Sony hedged its bets a bit in committing to ship date for its
Reader Daily Edition when it first announced it, but it looks like it's managed to get the first ones out the door on the early end of its December 18th to January 8th estimate, with the initial batch of pre-orders shipping today. Unfortunately, anyone that didn't pre-order the e-reader is out of luck for the time being, as it's now back-ordered with a new estimated ship date of January 15th. In related news, Sony has also announced that it's signed up an additional 16 publications that will be offering wirelessly-delivered subscriptions on the Daily Edition, including
The New York Times,
The Dallas Morning News,
The Baltimore Sun, and
The Denver Post. None of those are exclusive to Sony, however, unlike the News Corp-owned publications that were
announced last week.
@xixizxh dear engadget, please remove comment above and if you do so, this one too.

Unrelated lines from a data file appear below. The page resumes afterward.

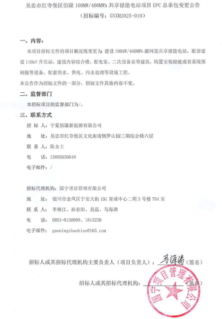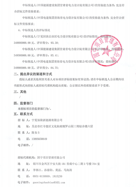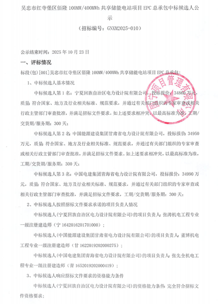 储能中国网获悉,10月20日,吴忠市红寺堡区佰隆100MW/400MWh共享储能电站项目EPC总承包中标候选人公示。公示显示,宁夏回族自治区电力设计院有限公司以投标报价34860万元(折合单价0.872元/Wh)预中标。 中标候选人情况详情为: 中标候选人第1名:宁夏回族自治区电力设计院有限公司,投标报价34860万元,折合单价0.872元/Wh; 中标候选人第2名:中国能源建设集团甘肃省电力设计院有限公司,投标报价34950万元,折合单价0.874元/Wh; 中标候选人第3名:中国电建集团青海省电力设计院有限公司,投标报价34990万元,折合单价0.875元/Wh。 根据招标公告显示,项目招标人为宗夏佰隆新能源有限公司,建设地点在宁夏回族自治区,吴忠市,红寺堡区。 本次项目建设100MW/400MWh跟网型共享储能电站,配套建设110kV升压站、建设内容综合楼、配电室、二次设备室等建筑,购置安装储能成套系统预制舱等设备、配套供水、供电、污水处理等设施工程。 原公告如下: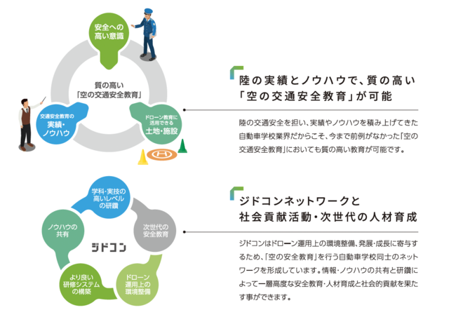 目前に迫る、空と陸の交通モビリティが行き交う未来。自動車学校はその交差点で「交通教育」を担いたい。私たちジドコン(一般社団法人全国自動車学校ドローンコンソーシアム)は、『自動運転×ドローン×空飛ぶクルマ=自動車教習所』という時代を見越して、全国ネットワークを駆使しながら、これからの新しい使命、社会貢献を積極的に果たしていく所存です。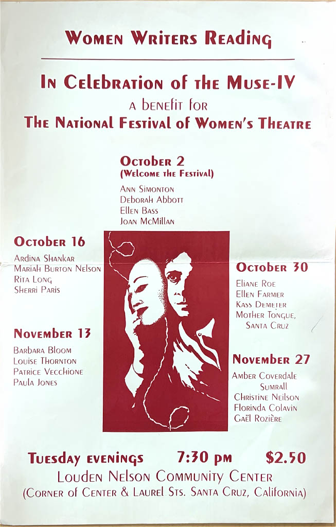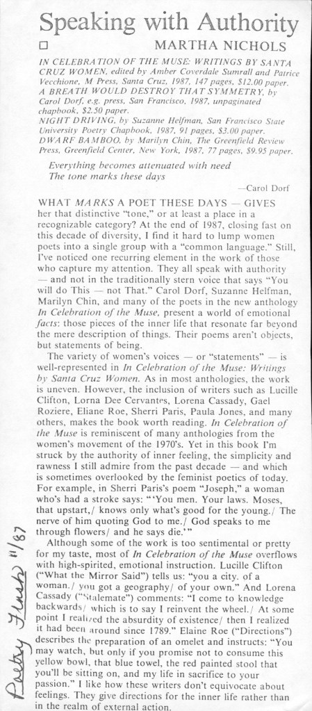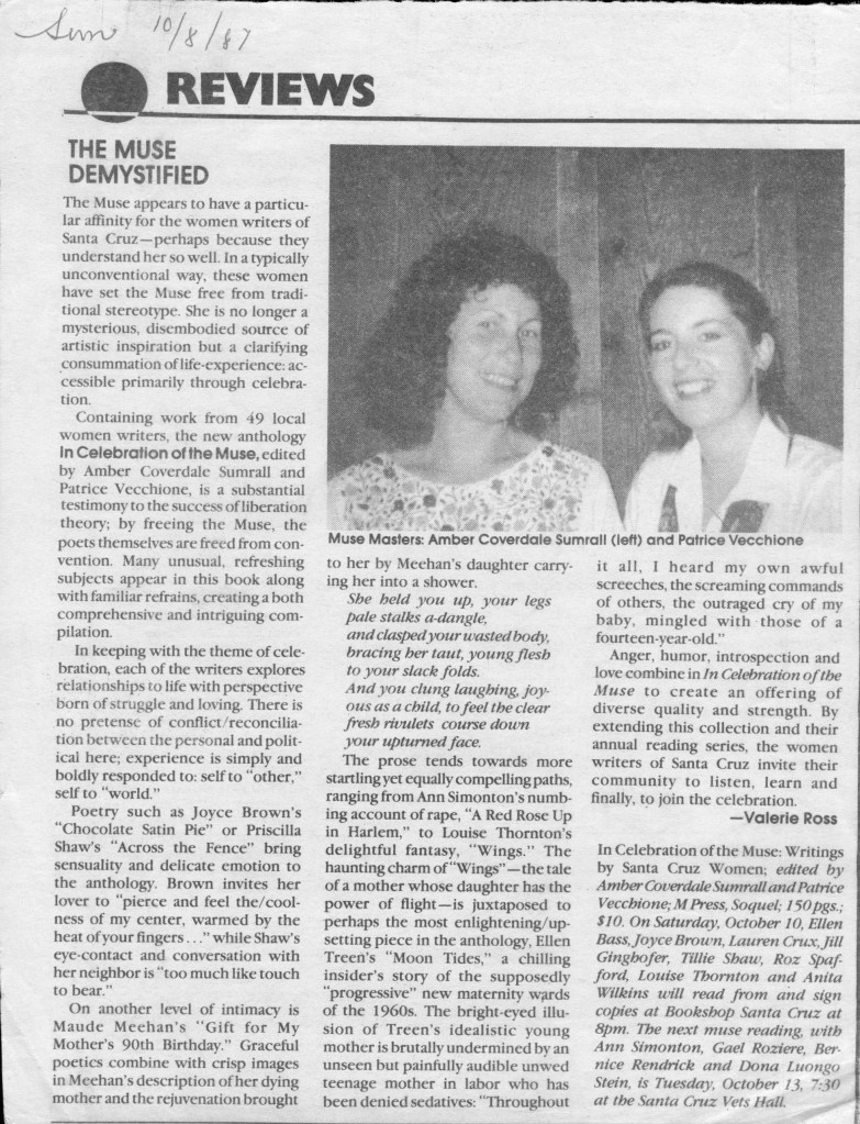 Article on Anthology In Celebration of the Muse: Writings by Santa Cruz Women, November 1987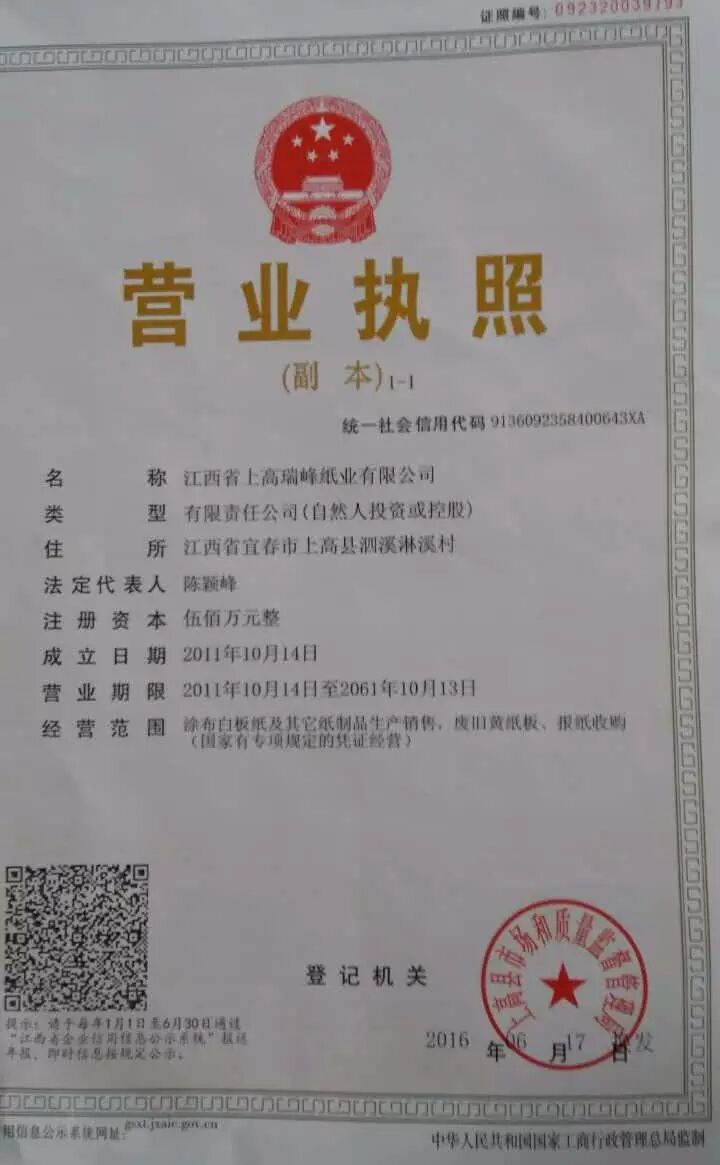 瑞峰纸业有限公司位于江西省宜春市上高县泗溪镇320国道傍,东接南昌、高安,西接宜春、万载。临近大广高速、昌栗高速,交通便利。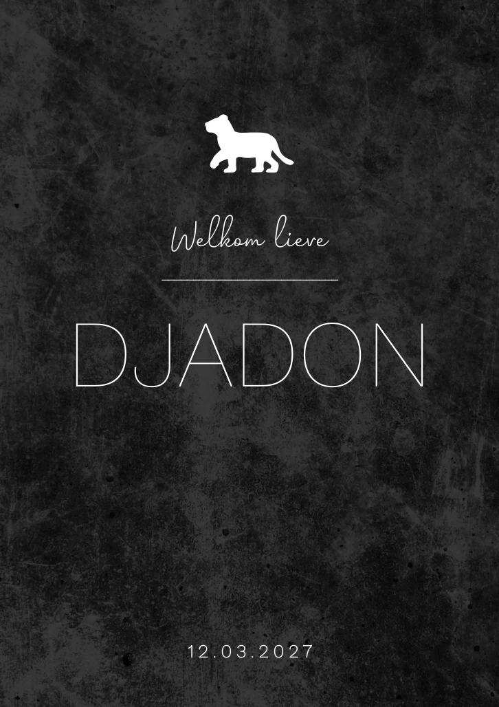 Super stoere babykaart Djadon in zwarte velvetlook, bedrukt met goudfolie voor een luxe uitstraling. Op de kaart zijn 2 spelende leeuwtjes afgebeeld, wat 2 broertjes/ zusjes kunnen afbeelden. Wil je de kaart qua kleuren afstemmen op de babykamer? Maak de kaart dan helemaal jouw eigen in onze editor!
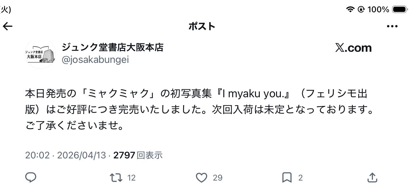 | … | 48無念Nameとしあき26/04/14(火)13:35:02No.1400785624+>大阪難波や東京日本橋で売り切れ書店がチラホラ出ている… |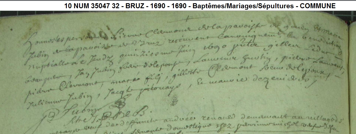 Fiançailles : 15 juin 1690 à Bruz 35170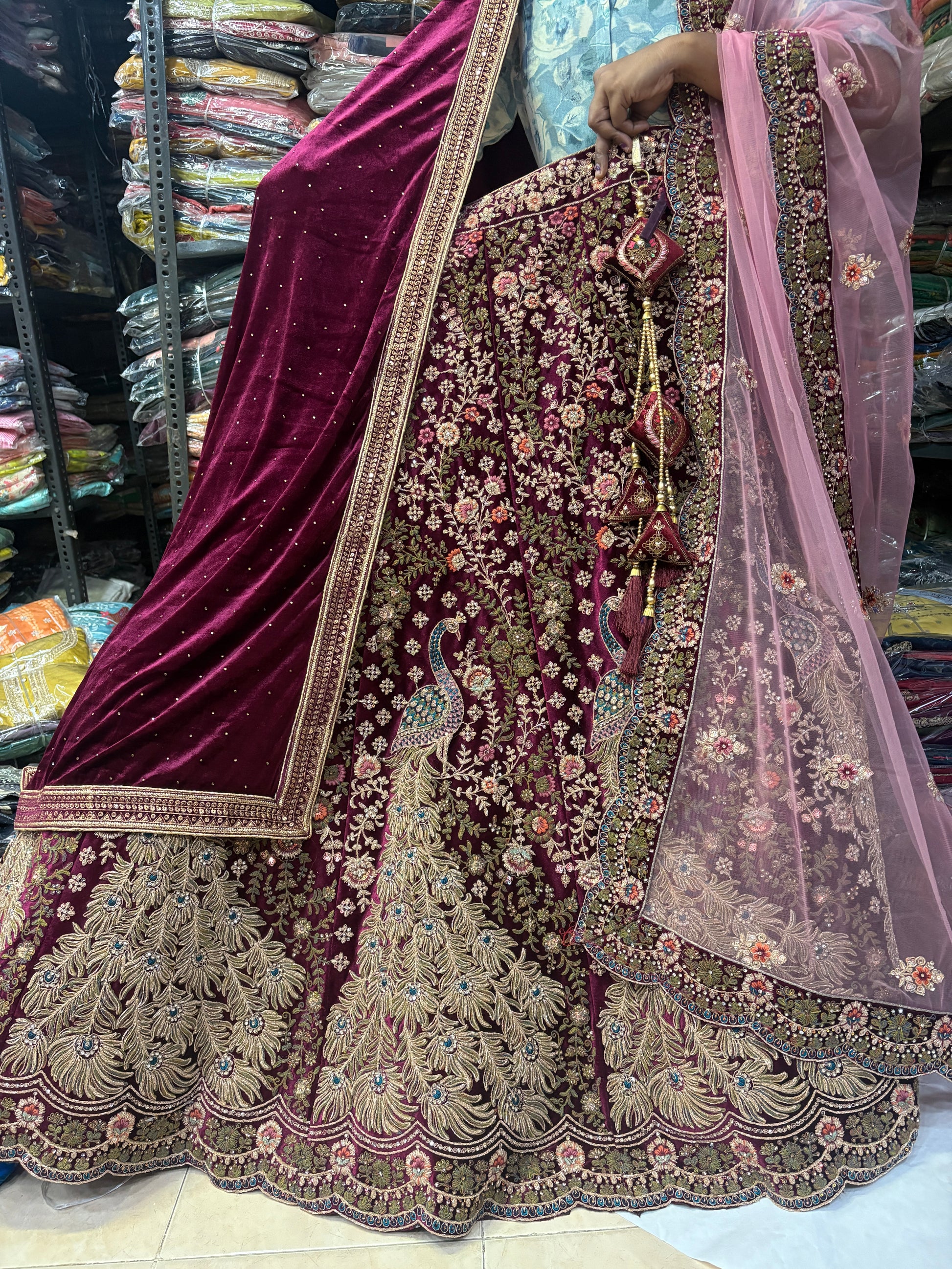 Designer jhumka Maroon bridal lehenga ( happy customer)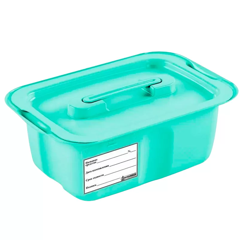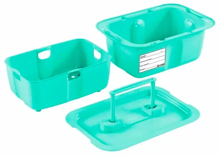 - Емкость-контейнер изготовлен из устойчивого к воздействию моющих и дезинфицирующих растворов полипропилена бирюзового цвета.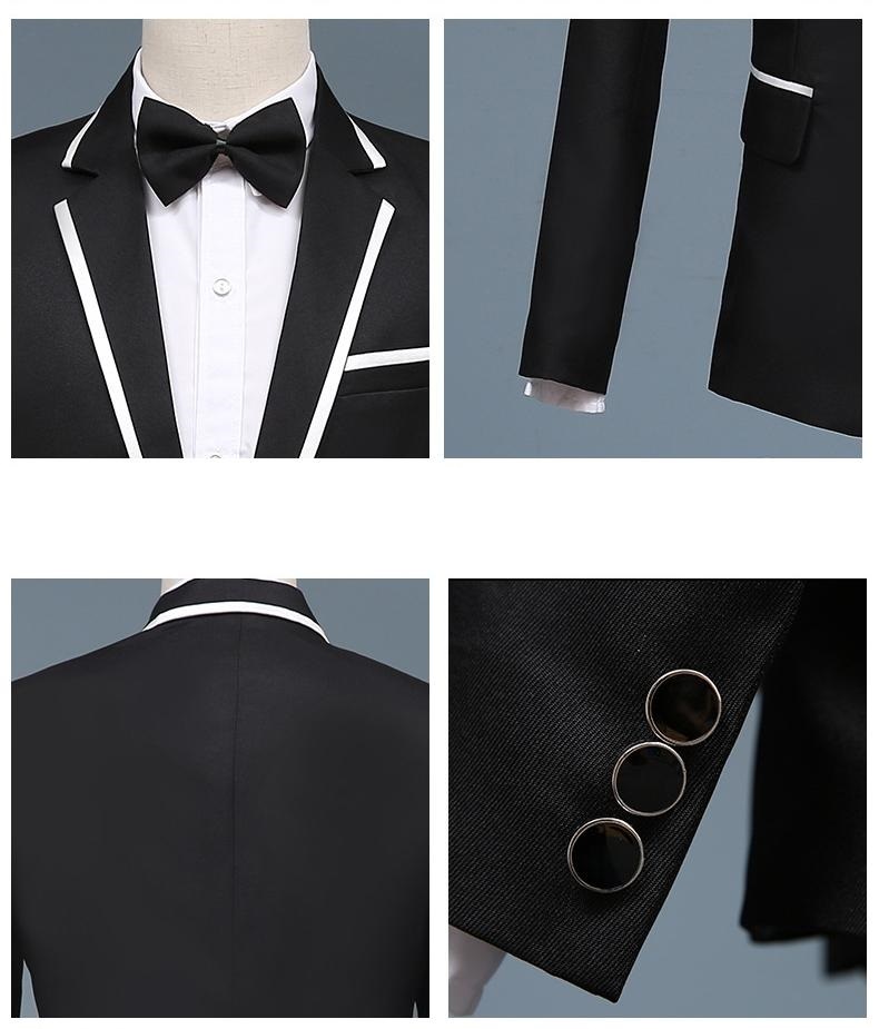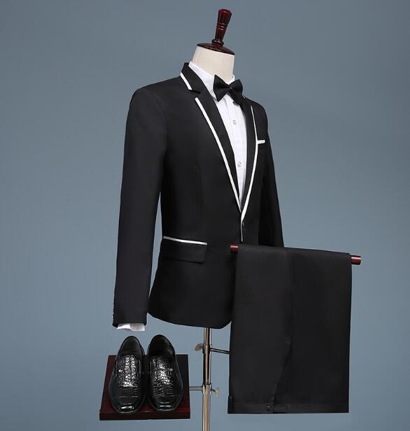 新品 上質 2点セット ホワイト(白)+黒ライン 2色の展開スーツ メンズ スーツセット タキシード上着 ズボンS M L-2XL演奏会舞台衣装 黒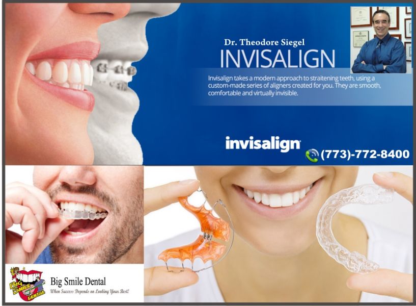 - Brilliant Invisalign procedures to transform your Smile with Dentist Dr. Theodore M. Siegel at Big Smile Dental Chicago in Chicago, IL. Call 773-772-8400 Now! ------------------------ Contact Us ------------------------ Big Smile Dental, 2833 N Milwaukee Ave, Chicago, IL 60618 TP - 773-772-8400 ------------------------ Office Hours ------------------------ Monday: 9:30 AM - 6:00 PM Tuesday: 9:30 AM - 6:00 PM Wednesday: 9:30 AM - 6:00 PM Thursday: 9:30 AM - 4:00 PM Friday: 9:00 AM - 2:00 PM Saturday: 9:30 AM - 6:00 PM ------------------------ Website - http://www.bigsmiledental.com/invisalign/index.html Facebook - http://www.facebook.com/bigsmiledental Twitter - https://twitter.com/dentistchicago Google+ - https://plus.google.com/+BigSmileDentalChicago/about?gl=lk&hl=en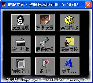 眼睛是心灵的窗口,它的重要性不言而喻。对于经常在电脑前工作的人们来说,保护眼睛更是重中之重。下面就跟我一起来看看《护眼专家》(http://www.boobsoft.com/eye.zip)是如何保护我们的视力的。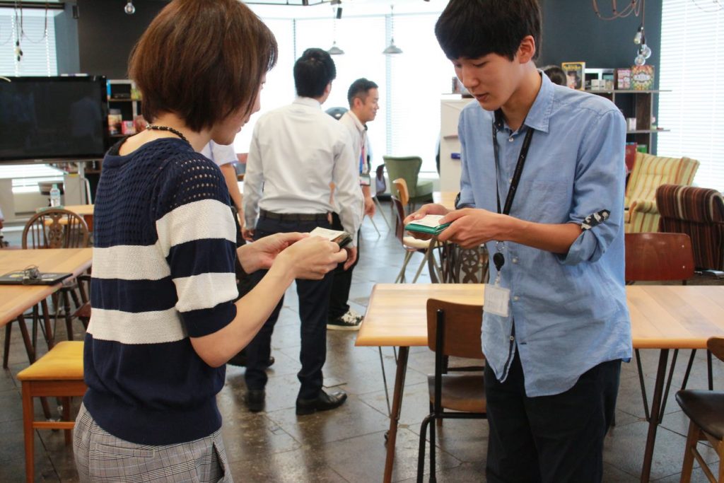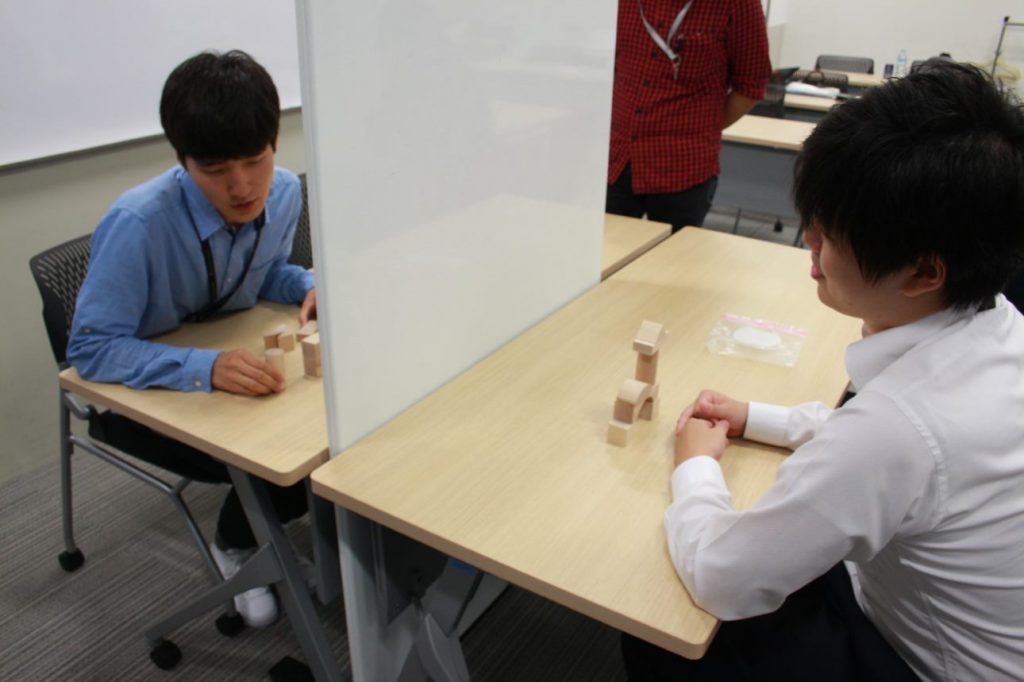 続いてビジネスマナー研修では当社社員を相手に名刺交換の練習。そして息抜き&ヒアリングのコツ習得のため、相手の積み木がどう組まれているかを見えない状態でヒアリングをし、同じように積み木を組む積み木ワークを実施。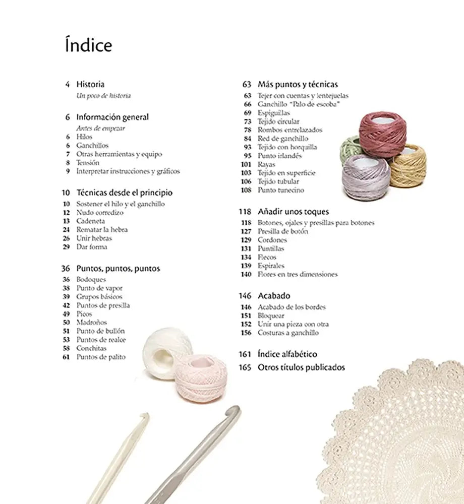Una de las grandes fortalezas de Ganchillo de la A a la Z es su estructura pedagógica, que comienza con nociones básicas como cómo sujetar el hilo o hacer una cadeneta, y avanza gradualmente hacia técnicas como el punto tunecino o el tejido circular. Cada explicación va acompañada de fotografías y descripciones sencillas, pensadas para facilitar el aprendizaje paso a paso sin abrumar al lector.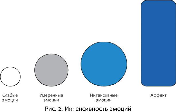 Все эмоциональные состояния делятся по своей интенсивности. Самый низкий уровень — это слабые переживания. Ими легко управлять, и человеку для этого требуется лишь минимальное усилие. Например, свое недовольство кем-то (или чем-то) в норме человек способен отложить, удержаться его от выражения, осмыслить, перенести на позднее, более подходящее время, когда он будет чувствовать себя в безопасности или будет уместно о нем заявить. На рис. 2 изображены эмоции в своем проявлении — от слабого к аффективному.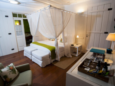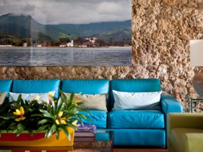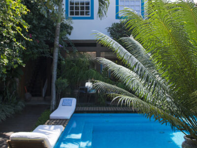 Conceived to be a real guest house, Casa Turquesa is a gorgeous gem in the historical centre of Paraty. Occupying a restored mansion that faithfully recreates the façade of an 18th century historic townhouse, this turquoise beauty is ideal for those seeking privacy and relaxation. The concept of its creation was “Why not create a place where the experience of feeling at home is the priority?” Featuring 9 spacious and pleasantly decorated suites, a courtyard surrounded by a garden full of orchids, a swimming pool with hydro massage spa and an attentive staff and personalized service, Casa Turquesa is ideal for couples, as they do not accept children under 14 years old.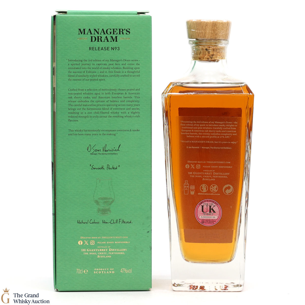 The Glenturret Manager's Dram - Release 3 is described as smooth peated and matured in Ex-Bourbon & Sherry casks before being bottled in 2023.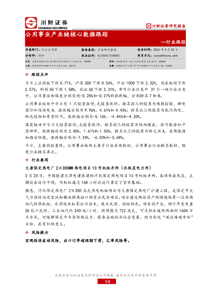 川财证券:行业跟踪:公用事业产业链核心数据跟踪.pdf

The $400 price tag is really hard to swallow. I wish Sony included the wireless radio on the Touch edition too. That will put a better fight against the Kindle.
the legend of jusef sardu?
lolwut?
@egress63
http://www.shadow-writer.co.uk/strain.htm
Gotta love google
Дорогой сука;))))
So...
Have they fixed the contrast issue they seem to have with their touchscreen readers? Or is the text on screen still faint?
@NeoXY
I haven't seen it in person yet, but the daily edition has 16 level grayscale whereas the touch has only 8, so I imagine there will be some difference.
Reflective screens loose contrast with touchscreens, this is why eink is defective technology, it also looses the contrast over time, my Kindle 1 reader is less white (really weird greenish colour) and the black has never been black kinda a light charcoal.
@ReaderGuy EVERY technology loses contrast when you overlay a transparent touch capacitor over it! It has NOTHING to do with the e-Ink screen, it's all about the overlay. So you're blaming the wrong thing.
I have the original Reader, and have not noticed a loss in contrast. No greeen. If your Kindle 1 is greenish, you have a defective unit. So, again, blaming the technology at large because you have a bad unit isn't justified.
e-Ink is a GREAT technology. The touch overlay is an issue, but e-Ink itself rocks.